I did drive from Port Huron to Traverse City once.

* You measure distance in minutes.
Or hours!

* When giving directions, you refer to "A Michigan Left."
And it's funny when people don't know what you mean.

* You know that Kalamazoo not only exists, but is only 100 miles fom Hell.
See icon above!

* Your year has two seasons: Winter and Construction.
And bad driving all year round.

* Home Depot on any Saturday is busier than toy stores at Christmas.

* You know when it has rained because of the smell of worms.
I love that smell.

* When owning a Japanese car was a hangin' offense in your hometown. (Still is.)

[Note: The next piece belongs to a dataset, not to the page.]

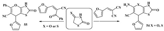 F.M. Abdelrazek and coauthors have used the above approach for the synthesis of pyrano[2,3-d]thiazoles and their thioanalogs (Scheme 16) [43]. The reaction of isorhodanine with 2-(furan-2-yl)-methylenemalononitrile yields thiopyrano[2,3-d]thiazole-6-carbonitrile 54 (X=S), and when 2,4-thiazolidinedione is used pyrano[2,3-d]thiazole 54 (X=O) is formed. Interestingly, 2-benzoyl-3-(furan-2-yl)-acrylonitrile in the Michael reaction with 2,4-thiazolidinedione or isorhodanine, at the elimination of water or hydrogen sulphide respectively forms the same compound—7-(furan-2-yl)-2-oxo-5-phenyl-3,7-dihydro-2H-pyrano[2,3-d]thiazole-6-carbonitrile 55.

* You believe that "down south" means Toledo.
And Ohio is the enemy.

* Your idea of a seven-course meal is a six-pack and a bucket of smelt.

* You know that Big Mac is something that you drive over.

* You can see a car running in a parking lot with no one in it, no matter what time of the year.
And the most amazing thing is, no one steals it.

* You end your sentences with a preposition; example: "Where's my coat at?"

* All the festivals across the state are named after a fruit, vegetable, grain, or animal. (Except, of course, for Blossomtime and Tulip Time.)

* You think of the four major food groups as beef, pork, BBQ sauce, and beer.
I know a lot of people who do

* You carry jumper cables and snow chains in your trunk. (Bonus points: You know snow chains are illegal in Michigan, but you carry them anyway.)
I have the jumper cables but no snow chains. I do have a snow emergency kit including heavy blankets, water and snacks.

* You design your kids' Halloween costume to fit over a snowsuit.
Or to include a garbage bag as rain gear

* Driving in the winter is better because the pot-holes are filled with snow.
bahahaha It's funny because it's true.

* Your favorite holidays are Christmas,Thanksgiving, and the opening of Deer Season, which you consider a National Holiday.
Halloween and Christmas. I don't do the hunting thing.

* You have 10 favorite recipes for venison.
Leave Bambi alone, you murderers!

* You learned to drive a boat before you could ride a bike.

* You owe more money on your snowmobile than your car.

* Your snowblower has more miles on it than your car.
No, my poor Jeep has certainly gotten around.

* Shoveling the driveway constitutes a great upper body workout.
You have NO idea.

* You’ve ever used the word “bogue.”
Sure, but not since, like, 1993.

* The "Big Three" means either Ford, Chrysler and GM, or Little Caesar's, Domino's, or Hungry Howie's.
Pizza Hut > all

* You think alkaline batteries were named after a Tiger outfielder.

* Your definition of a small Michigan town is one that doesn't have a lake.
Or a post office.

* You define summer as three months of bad sledding.

* You attend a formal event in your best clothing, finest jewelry, and snowmobile boots.
Only if that event is in January

* The municipality buys a Zamboni before a bus.
The word Zamboni makes me sad... is it hockey season yet?

* You have experienced frostbite and sunburn in the same week.

* The orange barrel is considered Michigan's 'other' lighthouse.